The detective knew he was onto something when he found the smear. At first it looked like an error – some kind of computer vision artifact – but as he manipulated various dials he saw that, at 1115 the previous night, the robot had updated its own world model with a new variable that looked like a black smudge. Except this black smudge was only superimposed on certain people and certain objects in the world, and as he moved the slider around to explore the smear, he found that it had strong associations to two other variables – red three-wheeled motorcycles, and men running. The detective pulled all the information about the world model and did some further experiments and added this to the evidence log.

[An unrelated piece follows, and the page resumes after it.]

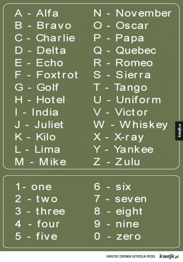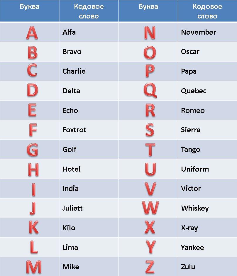 Фонетический латинский алфавит. Используется в Авиации ( и не только) при голосовых переговорах для однозначного интерпретирования алфафитно-цифровых идентификаторов.

Later, during prosecution, the robot was physically wheeled into the courtroom where the trial was taking place, mostly as a prop for the head prosecutor. The robot hadn’t seen anything specific itself – its sensors were not good enough to have picked anything admissible up. But as it had been in the area it had learned of the presence of this death through a multitude of different factors it had sensed, ranging from groups of people running toward where the accident had occurred, to an increase in pedestrian phone activity, to the arrival of sirens, and so on. And this giant amount of new sensory information had somehow triggered strong links in its world model with three-wheeled motorcycles and running men. Armed with this highly specific set of factors the police had trawled all the nearby security cameras and sensors again and, through piecing together footage from eight different places, had found occasional shots of men running towards a three-wheeled motorcycle and speeding, haphazardly, through the streets. After building evidence further they were able to get a DNA match. The offenders went to prison and the mystery of the body was (partially) solved. Though the company that made the AI for the robot made no public statements regarding the case, it subsequently used the case in private sales materials as case studies for local law enforcement on the surprising ways robots could benefit their town.

Things that inspired this story: Food delivery robots, the notion of jurisdiction, interpretability of imagination, “World Models” by David Ha and Juergen Schmidhuber.